• WORK INSTRUCTIONS
Although the listing below holds pictures, reproduce only its lines from the one containing "Fig. 3. - Somatotipo" through the last, exactly and without them.

RECORDED DATA START

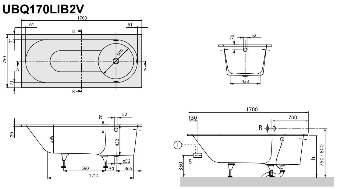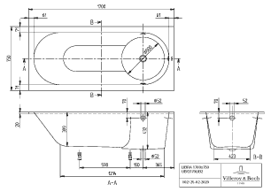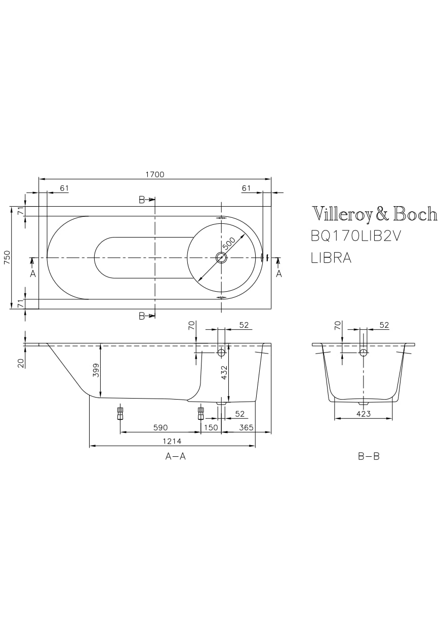 Villeroy & Boch Libra bad 170x75cm quaryl rechthoekig met poten wit
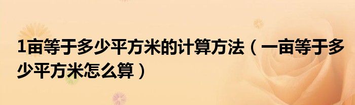 关于1亩等于多少平方米的计算方法,一亩等于多少平方米怎么算这个很多人还不知道,今天菲菲来为大家解答以上的问题,现在让我们一起来看看吧!
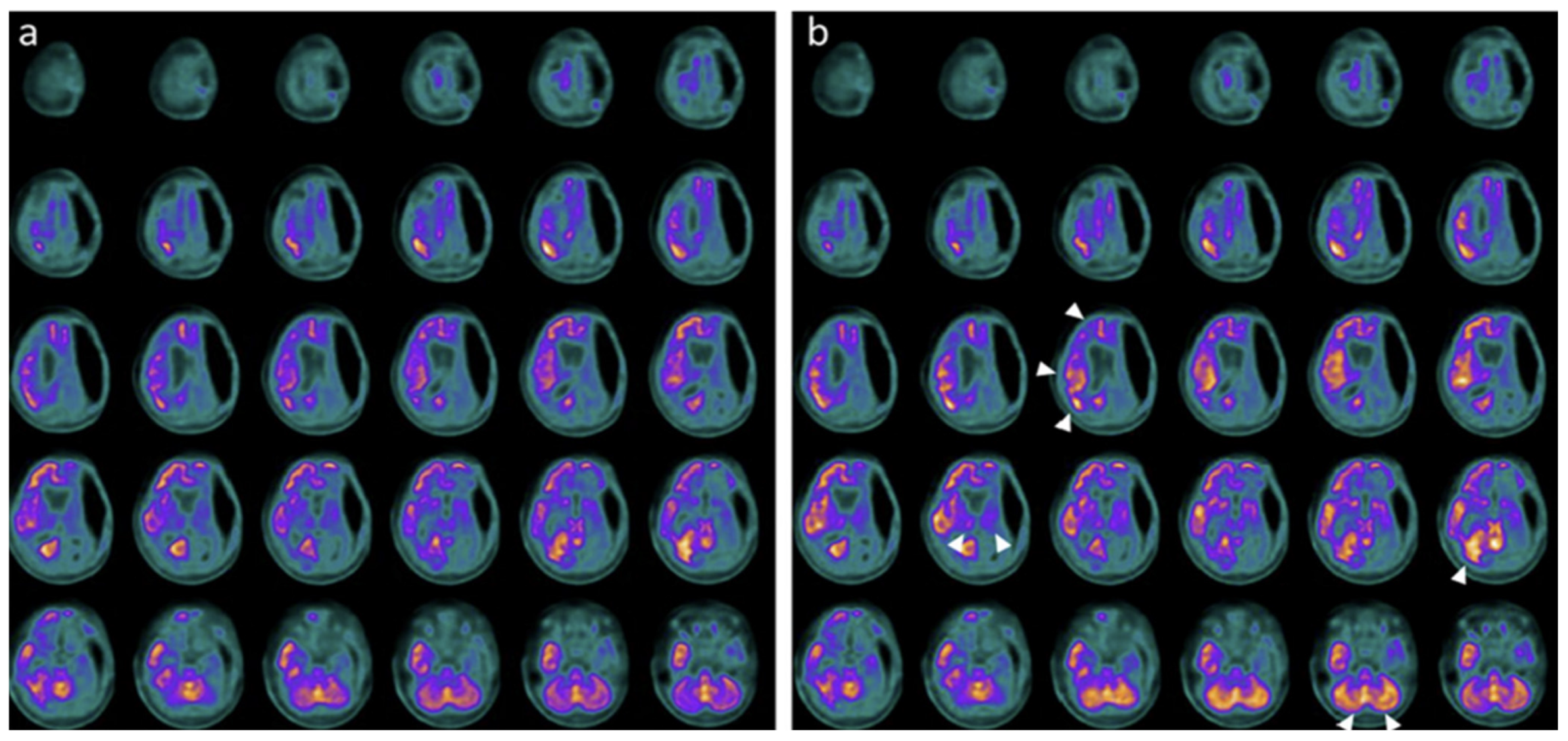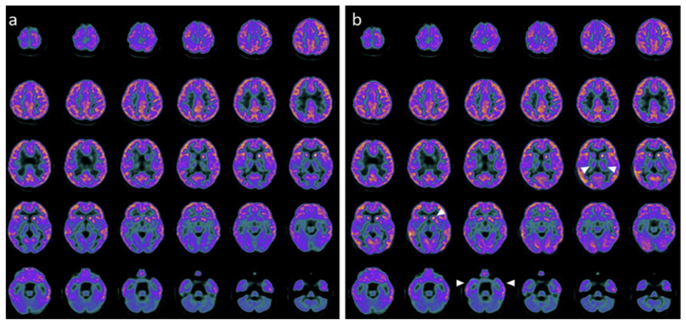 31]. Baseline PET and SPECT revealed widespread reductions in cerebral metabolism and perfusion, particularly involving the thalami, brainstem, striatum, cerebellum, and mesial temporal regions, with variable cortical involvement across patients [
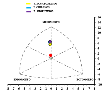 Fig. 3. - Somatotipo de futbolistas ecuatorianos, chilenos y argentinos
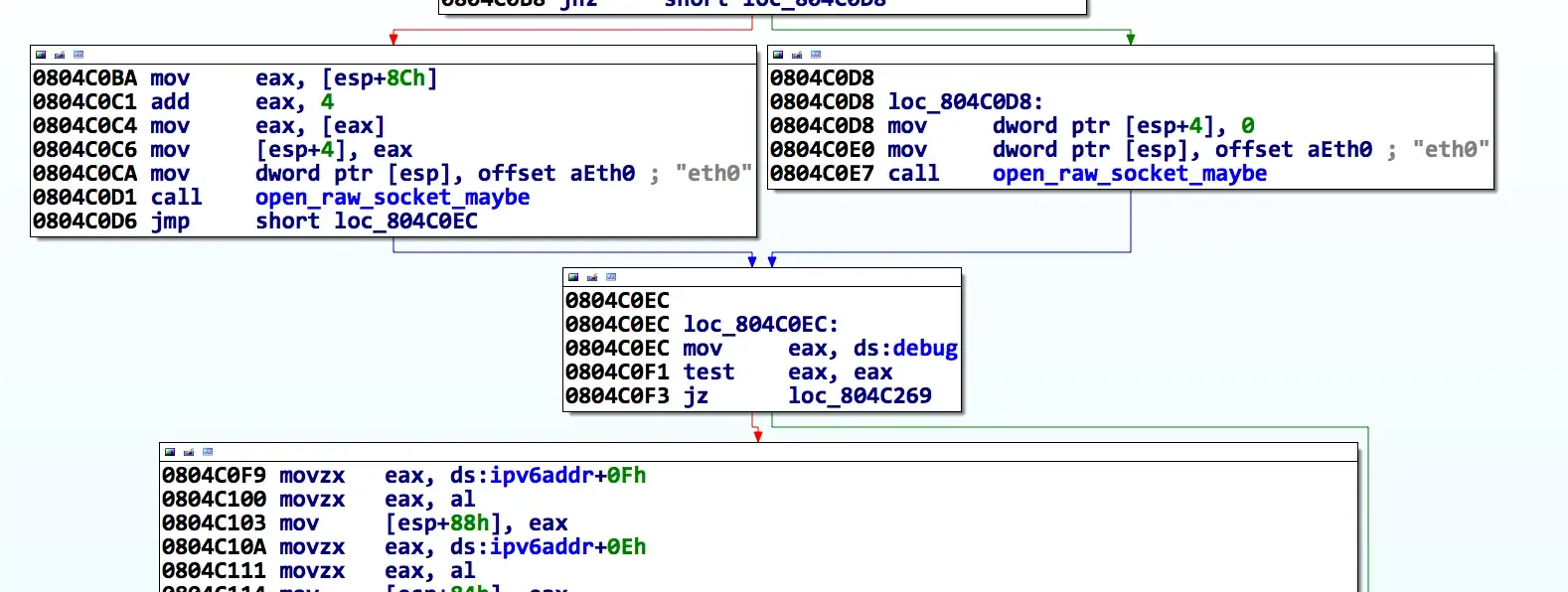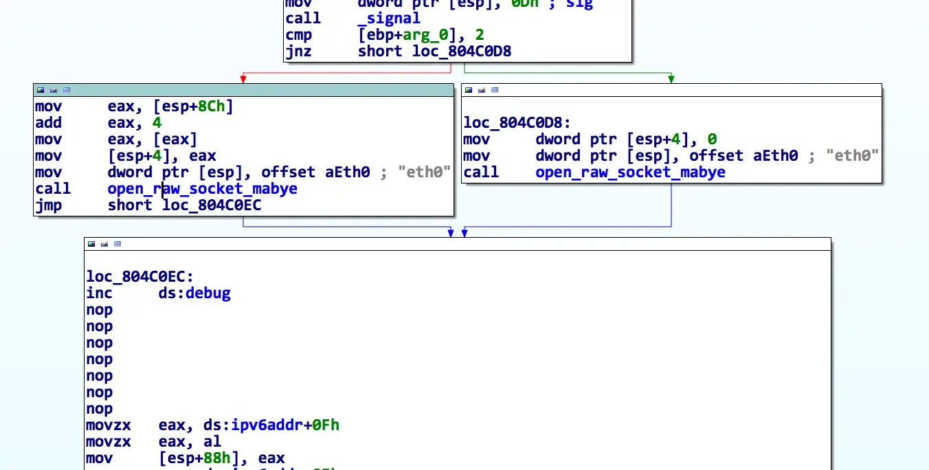 Let’s start by loading the binary into IDA (and HexRays). The first function is pretty ugly, but we can already see that it’s going to be a fun one. As shown below, there’s a debug print that prints an IPv6 address:
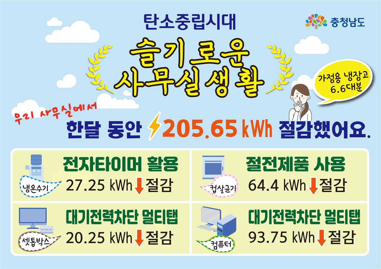 충남도가 범정부 탄소중립 주간(12월 6∼10일)을 맞아 도청 사무실에서 사용 중인 주요 전자제품에 대한 구체적인 에너지 절감 방안을 내놔 눈길을 끌고 있다.
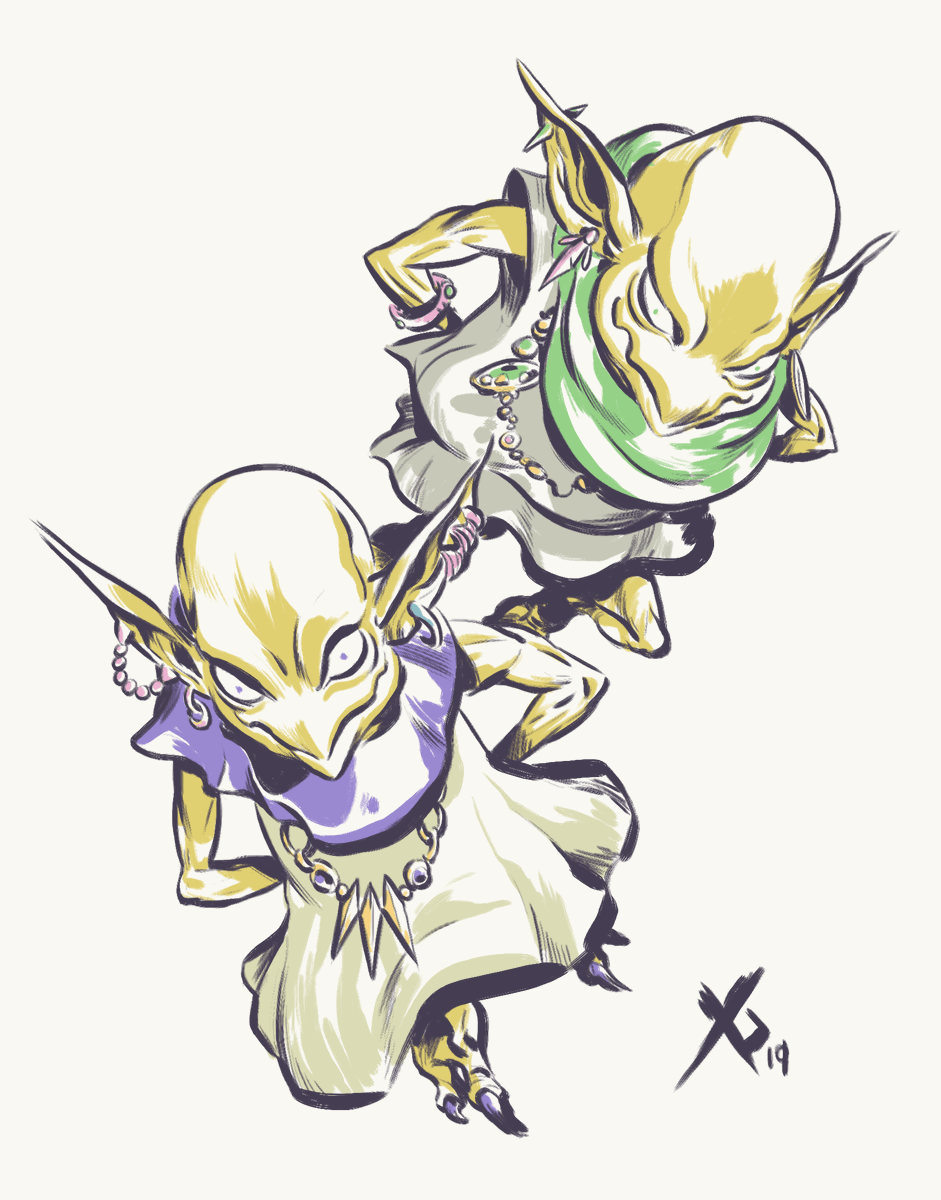 masa_mune Masa and Mune. The game tries to give them a bit of a distinct flavor and I tried leaning on that a little bit further but otherwise I put a bit more Zeal fashion on them and kept their original, semi Reptid look fairly close

RECORDED DATA END

• RESULT OF THIS TASK
 Fig. 3. - Somatotipo de futbolistas ecuatorianos, chilenos y argentinos
 Let’s start by loading the binary into IDA (and HexRays). The first function is pretty ugly, but we can already see that it’s going to be a fun one. As shown below, there’s a debug print that prints an IPv6 address:
 충남도가 범정부 탄소중립 주간(12월 6∼10일)을 맞아 도청 사무실에서 사용 중인 주요 전자제품에 대한 구체적인 에너지 절감 방안을 내놔 눈길을 끌고 있다.
 masa_mune Masa and Mune. The game tries to give them a bit of a distinct flavor and I tried leaning on that a little bit further but otherwise I put a bit more Zeal fashion on them and kept their original, semi Reptid look fairly close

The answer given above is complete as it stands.